Study design
This was a single-center, single-oral dose, randomized, open-label,
three-step, 2 x 2 crossover phase 1 study conducted in 20 healthy adults
between February and May 2017 in Japan (Figure 2). The study protocol
and the informed consent form were approved by the institutional review
board of Hakata Clinic. All participants gave written informed consent
before initiation of any study-specific procedures. The study was
conducted in accordance with the ethical principles originating in or
derived from the Declaration of Helsinki, and Good Clinical Practice
guidelines.
Twenty subjects were randomized at the study site using medication
numbers in permutated blocks and treatment-sequence assignments, with
half the subjects assigned to each treatment sequence (sequence A and
sequence B). Subjects were admitted to the study center on day -1.
Subjects in sequence A received a single oral dose of carotegrast methyl
960 mg in combination with oral rifampicin 600 mg on the morning of day
1 after overnight fasting (period I).
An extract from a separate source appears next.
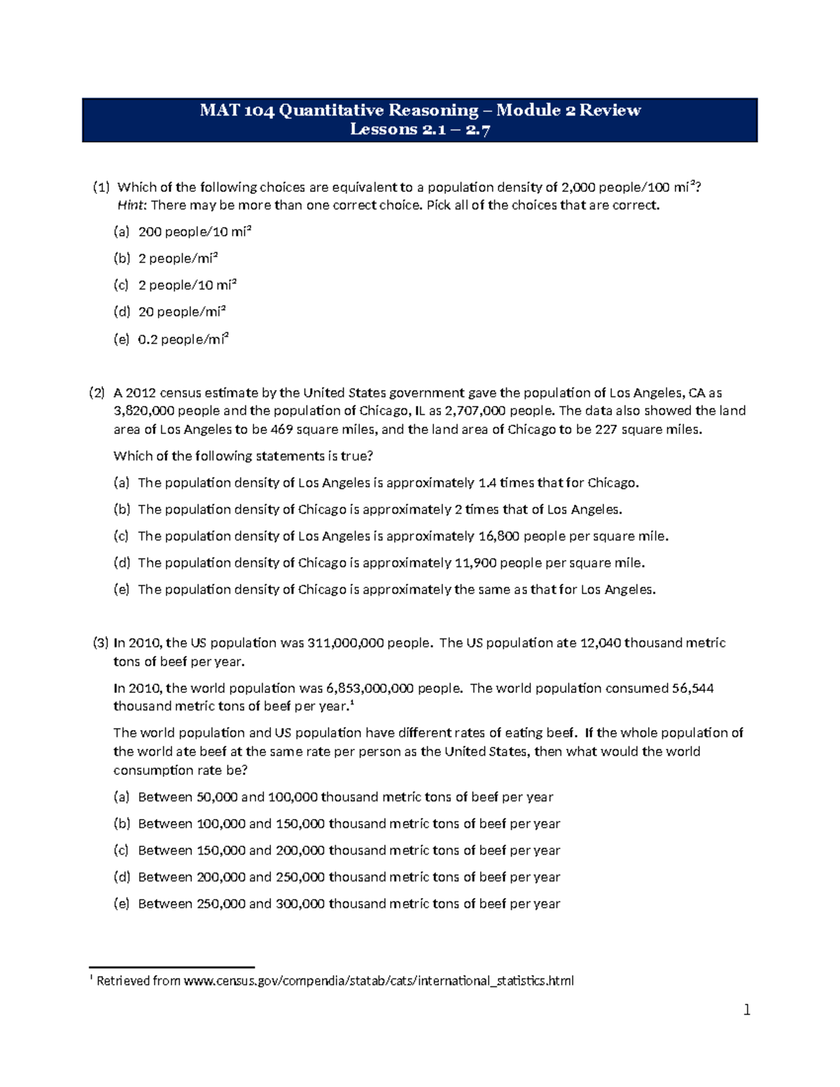 MAT 104 Quantitative Reasoning Module 2 Review Questions and Answers ...

After being discharged on day 2,
they were again admitted to the study center on day 7, and on the
morning of day 8, received a single oral dose of carotegrast methyl 960
mg after overnight fasting (period II). Subjects were discharged on day
9. Follow-up observation was conducted on day 14. The subjects in the
other group (sequence B) received the same treatments but in the
opposite order.
Because of inexperience in terms of systemic exposure and safety when
960 mg of carotegrast methyl is administered in combination with
rifampicin, we decided to adopt sentinel dosing administration. This
began with a small number of patients (two subjects) as Step 1, and
sequentially moving to Step 2 (four subjects) and Step 3 (remaining 14
subjects) while confirming safety and evaluating PK at each step.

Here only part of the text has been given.